Moving Ahead with Strong Concepts and Easing Tensions in the Middle East! MustGrow, K+S, Evotec, and Novo Nordisk in Focus

  • agritech
  • fertilizer
  • chemicals
  • Biotechnology
  • biologics
  • geopolitics
Photo credits: Pixabay

Created and published on behalf of MustGrow Biologics Corp.

What a headline: An agreement between the US and Iran – markets up 2% in just one minute! It can happen that fast. For investors, this is welcome news, as a de-escalation in the Iran conflict would significantly ease global supply chains and reduce pressure on critical transport routes. In particular, the Strait of Hormuz would lose some of its significance as a geopolitical risk factor, potentially stabilizing global flows of goods and energy. Easing tensions are also likely to lower transport costs again, shorten delivery times, and dampen price volatility. For companies in the food, healthcare, and agricultural technology sectors, this creates greater planning certainty and new growth opportunities. MustGrow Biologics and K+S could benefit from more stable agricultural markets, while Evotec and Novo Nordisk may gain additional tailwinds in a calmer healthcare environment. Investors are increasingly turning to stocks that promise sustainable growth and reliable returns in a more stable market setting. The key question now: will volatility finally decline as well?

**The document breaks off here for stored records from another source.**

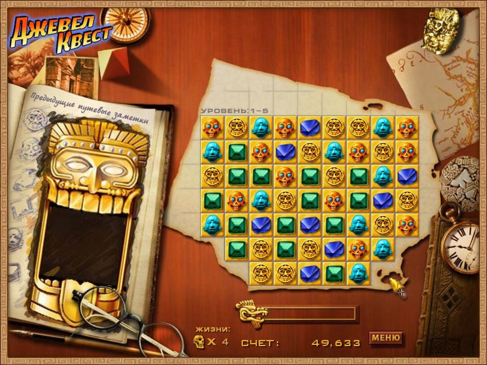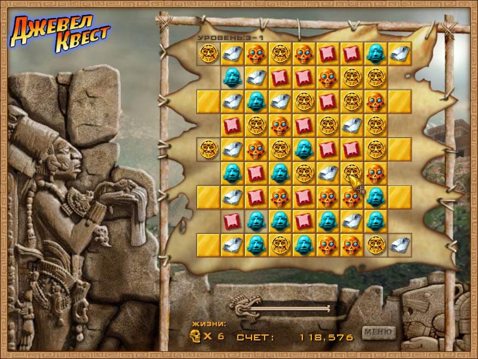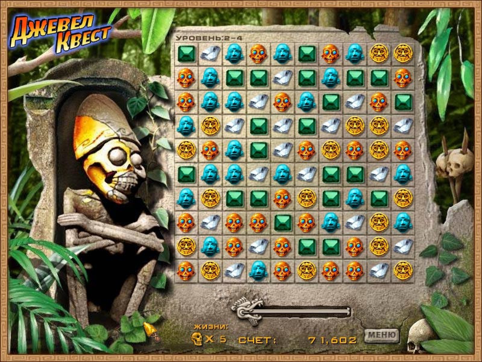 В этой игре вы сможете отправиться в Южную Америку, чтобы отыскать священные Храмы Солнца и вдохнуть жизнь в каменные изваяния древних индейских богов. В благодарность они поделятся своими секретами и, возможно, раскроют вам священную Тайну Мироздания. Выполнить эту миссию вам помогут особые фишки — передвигайте их по игровому полю таким образом, чтобы после каждого хода получалась цепочка не менее чем из трех одинаковых элементов. Каждая цепочка превращает расположенные под ней клетки в чистое золото. Чтобы перейти на следующий этап и на шаг приблизиться к желанной цели — заполните золотыми плитками весь уровень. Поначалу эта задача может показаться слишком простой. Но с каждым уровнем выполнять ее будет все труднее: форма игрового поля меняется самым причудливым образом, а в игру вступают новые фишки, некоторые из которых наделены магическими свойствами. Игра Джевел Квест станет настоящим подарком для истинных ценителей логических головоломок. Благодаря отличной графике и превосходному звуковому сопровождению полностью погрузиться в чарующий мир увлекательных приключений смогут как самые опытные, так и начинающие игроки.
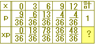 上の表により,Aの合計得点x=0,3,6,9,12となる確率p及びxpは,各々次の表のようになります. ![]() |
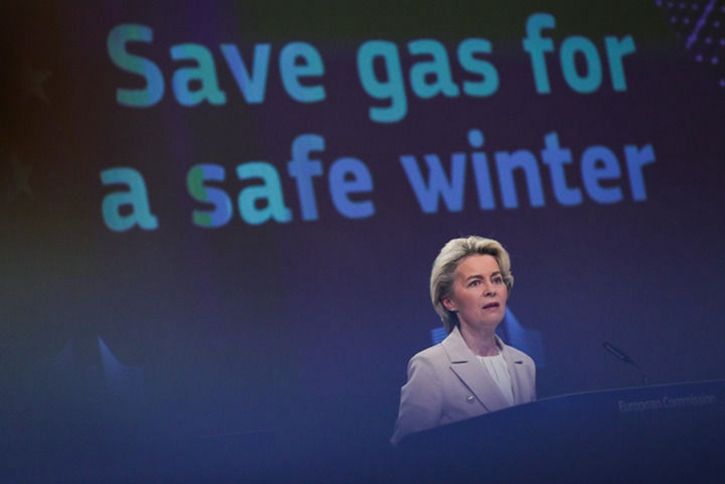 7月20日,在比利時(shí)布魯塞爾,歐盟委員會(huì)主席馮德萊恩在新聞發(fā)布會(huì)上發(fā)言。歐盟委員會(huì)當(dāng)天公布一項(xiàng)提案,提議各成員國(guó)將天然氣使用量減少15%,以應(yīng)對(duì)歐盟面臨的天然氣短缺問(wèn)題。新華社記者鄭煥松攝
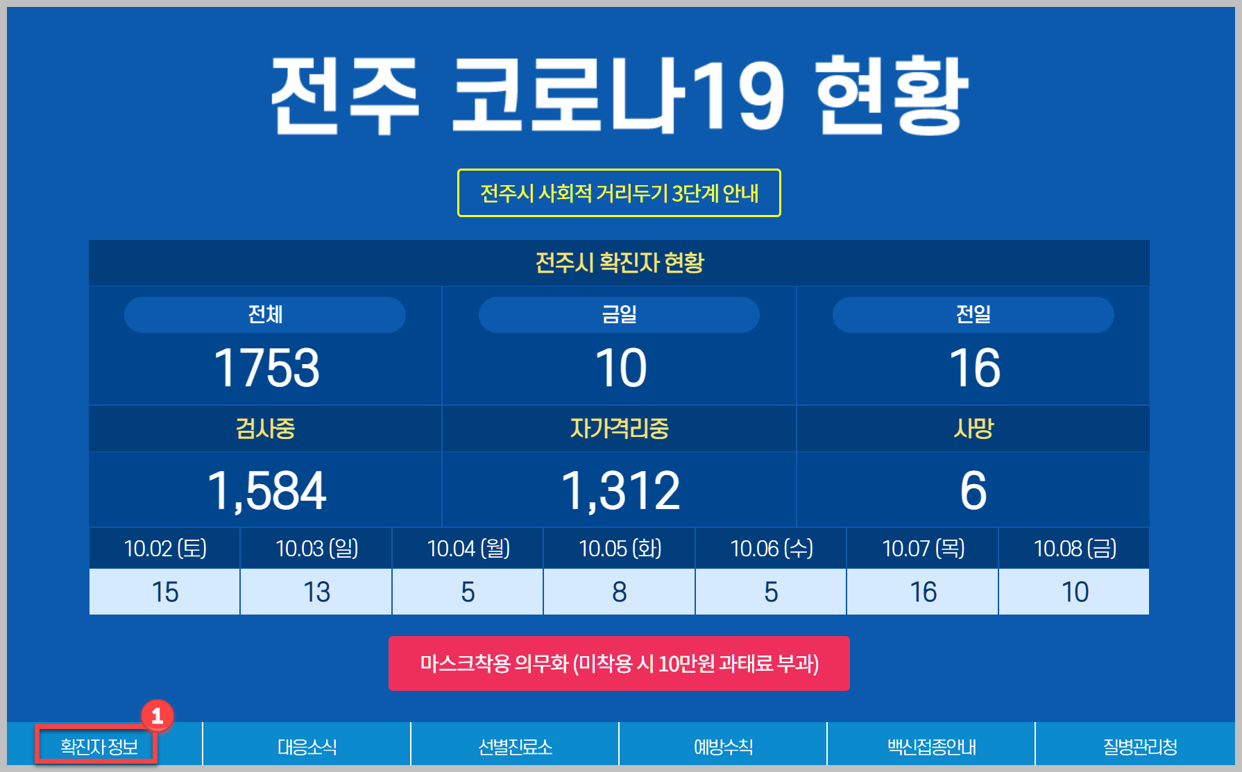코로나19와 관련된 정확한 정보를 얻기 위해서는 지자체 홈페이지를 방문하시면 됩니다. 전주시에 거주하시는 분은 전주시청 홈페이지에 들어가시면 됩니다. 이곳에는 전주시안에 발생하는 확진자를 비롯하여 코로나 정보를 얻을 수 있습니다.
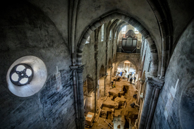 Később felkapaszkodunk a templombelső felújításához ácsolt, a szentélyben álló, négy emelet magas faállványzatra: a különböző szinteken közelről láthatók a középkori falfestések, van, amit sablonnal, van, amit szabad kézzel készítettek. Egy különleges betűkből álló szövegrészlet is kivehető az öreg kőfalra festve, amelynek jelentését eddig még nem fejtették meg a szakemberek. És persze közelről láthatjuk a főszentély keleti falát borító falképet, a templom egyik legrégebbi freskóját, a XIII. század derekáról származó Sárkányölő Szent György-ábrázolást: a középkori templomépítők az épület keleti oldalát, azaz a szentélyt építették meg legelőször, az oltárképet pedig mihamarabb megfestették. Kérdés, miért éppen a katonaszent tiszteletére emelték a templomot, aki inkább illik egy harcos nemesi családhoz, mint a bencés barátok szelíd közösségéhez.
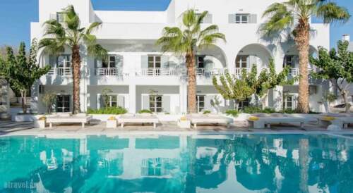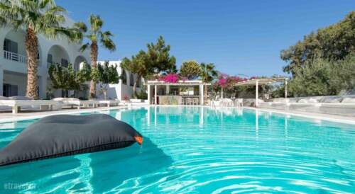 Summer Travel in kamari, Sandorini, Cyclades Islands in Hotel 28
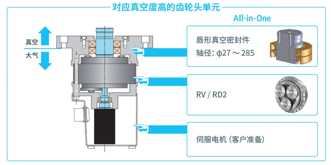 纳博特斯克为了满足真空晶圆搬送设备的洁净度和稳定性需求,推出了唇形真空密封件与精密减速机RV紧凑融合而成的齿轮头单元——HR系列。该系列产品因采用不会破裂的接触式唇形密封件,结构紧凑,且安装、使用方便,可有效缩短FPD搬运用机器人、晶圆搬运装置的组装时间,且有相当高的安全性。
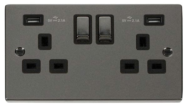 Black Nickel 2 Gang 13A DP Ingot 2 USB Twin Double Switched Plug Socket - Black Trim
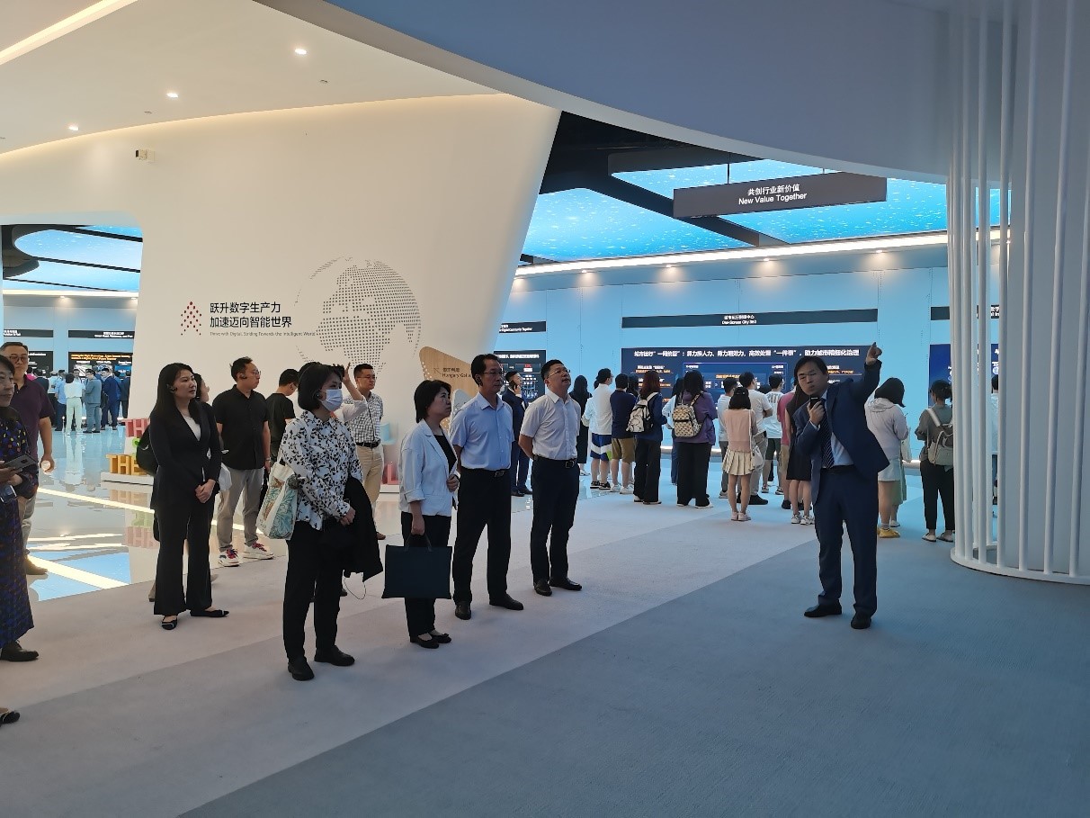 本次培訓(xùn)為參訪式交流學(xué)習(xí),參訓(xùn)學(xué)員走進(jìn)華為北京會展中心,在展廳參觀了解華為的企業(yè)理念、核心價值觀、全球戰(zhàn)略部署、服務(wù)各行業(yè)的解決方案,以及華為人工智能和盤古大模型等前沿科研進(jìn)展,重點了解華為在智慧場館、產(chǎn)業(yè)園區(qū)數(shù)字化建設(shè)和運(yùn)營方面的解決方案和助力中小企業(yè)數(shù)字化轉(zhuǎn)型的相關(guān)情況。
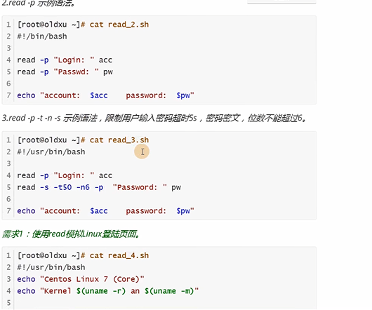1| [root@o1dxu ~]# cat read_ 1.sh 2| #!/bin/bash 3| echo -n "Login: 4 read acc 5 echo -n "Passwd: ” 7 read pw 9 echo " account:Sacc password: $pw"
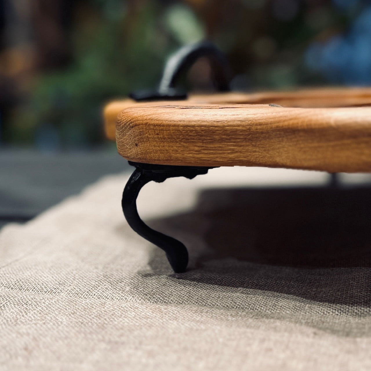 - Kalti metāla rokturi - piešķir paplātei spēku un autentisku raksturu.
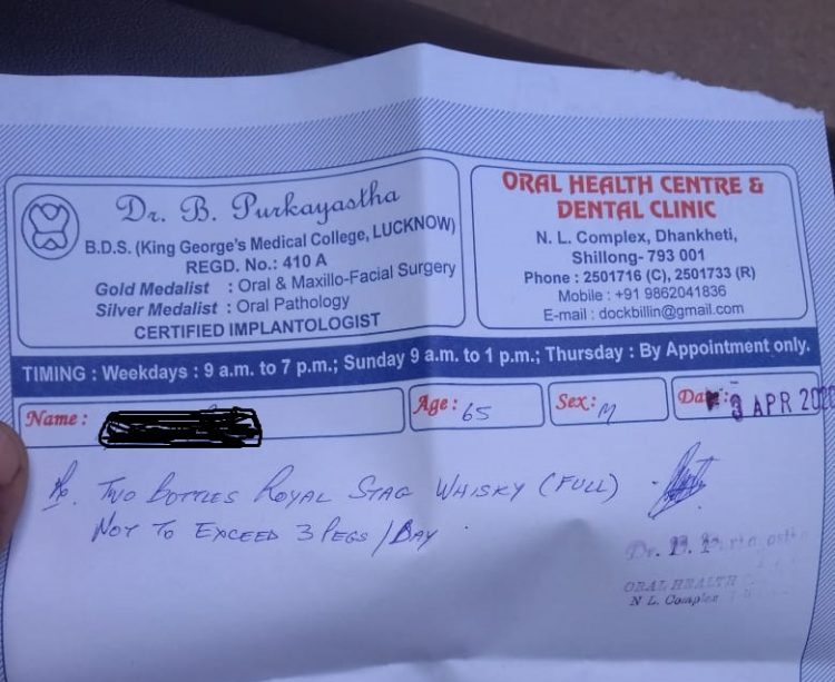 Guwahati/IBNS: At a time when the nation is witnessing a lockdown to combat against COVID-19, a Shillong based dentist prescribed whiskey to one of his patients who had complained of withdrawal symptoms.
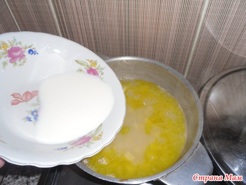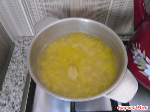 Эту смесь вылить в суп помешивая
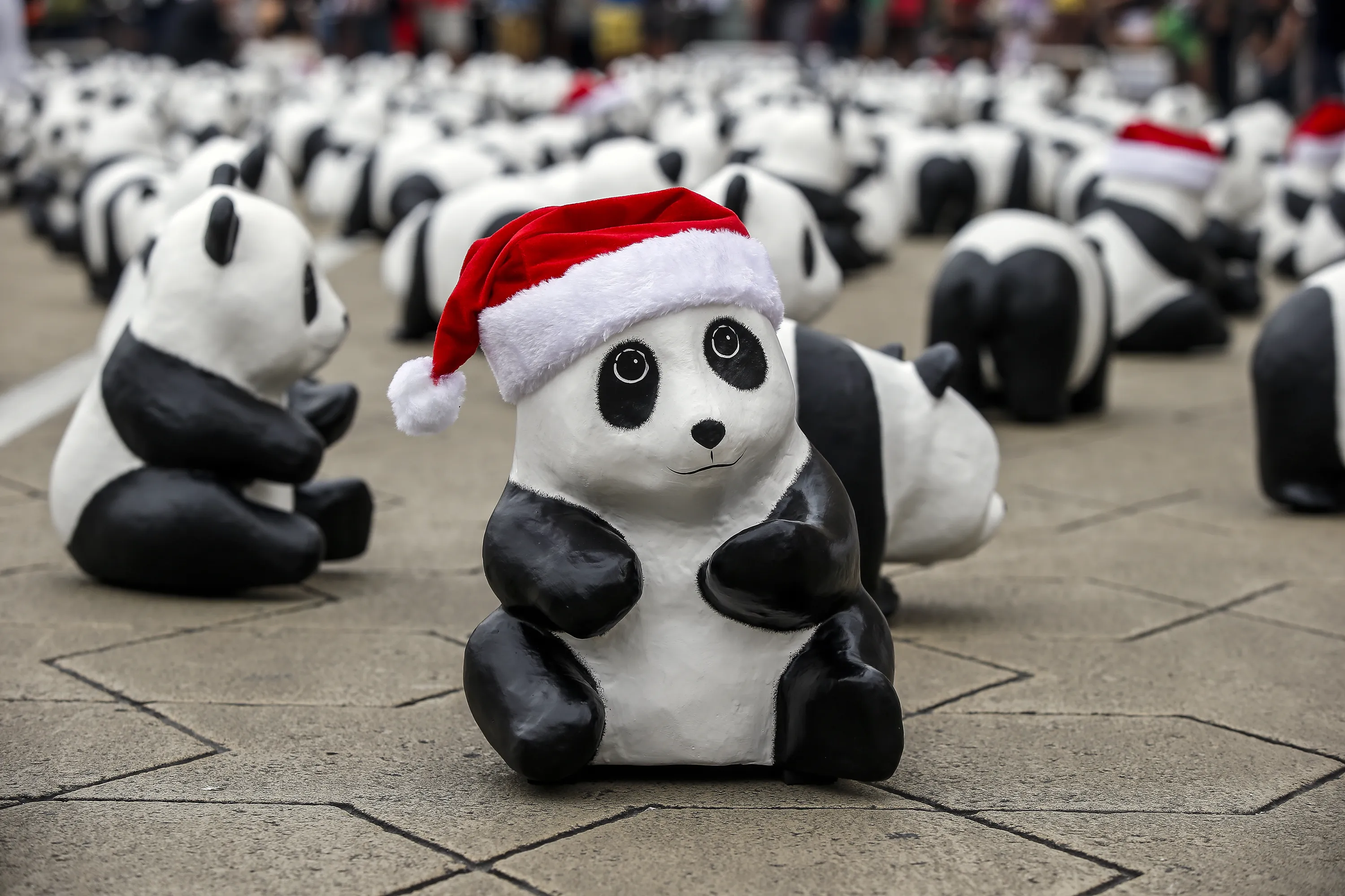 A paper panda wearing a Santa Claus hat is displayed in front of the Sultan Abdul Samad building, a Malaysian iconic building, in Kuala Lumpur, Malaysia, December 21, 2014. The Paper pandas were created by French artist Paulo Grangeon, who crafted 1,600 pandas. The creations, which were made in six different shape and size, will visit more than 15 iconic landmarks in Malaysia under the theme “Initiating the Culture of Creative Conservation”. The tour will run from December 21, 2014 to January 25, 2015 to promote the message of panda conservation and sustainable development. The 1,600 paper pandas mark the number of the current living pandas left in the wild. (Photo by Azhar Rahim/EPA)
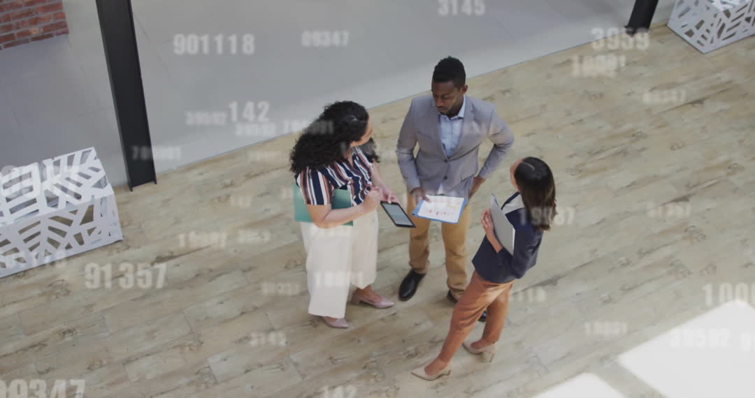 Top view of three business professionals in a trendy office, engaging in conversation with digital data presentations superimposed on the video, indicative of technology integration in business. Useful for topics on teamwork, digital transformation in workplaces, modern business environments, and inclusivity in professional settings.
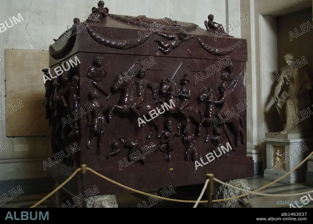ARTE ROMANO. BAJO IMPERIO. ITALIA. SARCOFAGO DE ELENA. Atribuido a la madre del emperador Constantino I. Obra realizada en pórfido rojo. Procede del Mausoleo de Elena. Los relieves recrean una escena de la primera mitad del siglo IV. Caballeros romanos con túnica corta, yelmo y armados con lanza realizan una carga contra tropas de bárbaros en huída. Altorrelieve. Fechada en el año 320. Museo Pio Clementino. Museos Vaticanos. Ciudad del Vaticano. Europa.
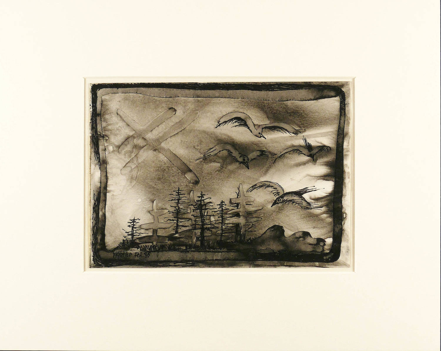 Links unten in schwarzer Feder signiert und datiert. – Von der Künstlerin original auf Trägerblatt gesetzt. Im Passepartout montiert. Sehr gut erhalten.
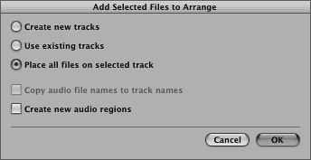 This dialog controls how Logic adds multiple files to Arrange window tracks. The options on offer include:
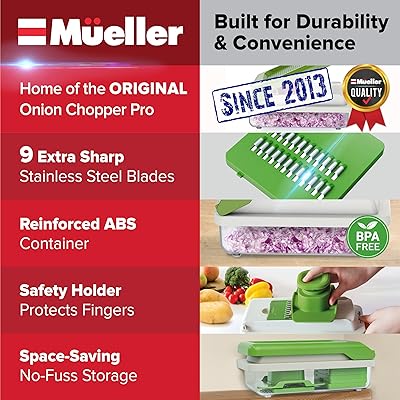 Mueller Vegetable Chopper 9 Blade, Mandoline Slicer, Food Veggie Chopper, Cheese Grater, Onion Vegetable Cutter with Container, Dicer, Kitchen Gadgets & Essentials, White SandGreen
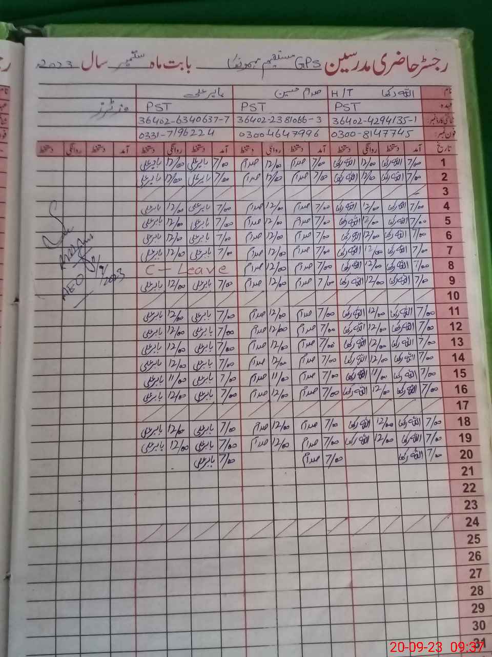 | Name: AL**** RA**** Designation: (School Headmaster's/Headmistress's) PST Phone/Cell Number: 03**** |

time to read: 5 minutes | Author: André Will-Laudien
ISIN: MUSTGROW BIOLOGICS CORP. | CA62822A1030 | TSXV: MGRO , OTCQB: MGROF , K+S AG NA O.N. | DE000KSAG888 , EVOTEC SE INH O.N. | DE0005664809 , NOVO NORDISK A/S | DK0062498333

Table of contents:


    Agricultural Revolution with Mustard Power: How MustGrow Is Capitalizing on the Crisis

    Canadian-based MustGrow Biologics Corp. operates in an agricultural market that is under constant geopolitical stress and is simultaneously undergoing profound structural change. Regardless of short-term geopolitical developments, the structural shift toward more resilient and less fossil-dependent agricultural inputs remains intact. Farmers are increasingly frustrated by volatile input costs and are seeking to reduce long-term reliance on conventional fertilizers. MustGrow addresses this "weak link" with mustard-derived solutions that, in addition to outstanding fertilizing properties, also support microbial activity and enhance yield stability.

    Significant momentum was already evident in the company's operations in 2025. Revenue jumped to CAD 8.3 million after just CAD 0.4 million in the previous year, impressively underscoring the beginning of commercialization (majority of sales were from the company’s sales and distribution division, NexusBioAg, which was shuttered in April 2026). At the same time, rising expenses of CAD 7.7 million and a net loss of CAD 7.3 million reflect the typical investment phase of a scaling model. Particularly noteworthy is the growth of the flagship product TerraSante, whose US revenue increased by 377% to approximately CAD 0.6 million. At times, demand exceeded supply, shifting additional revenue into the future. With a gross margin of about 20%, profitability still has room for improvement but is expected to increase significantly as production scales up and supply chains become more efficient. The decision to discontinue low-margin sales activities in Canada and direct capital specifically toward US expansion serves to sharpen the business model and should enable the company to reach operational breakeven more quickly.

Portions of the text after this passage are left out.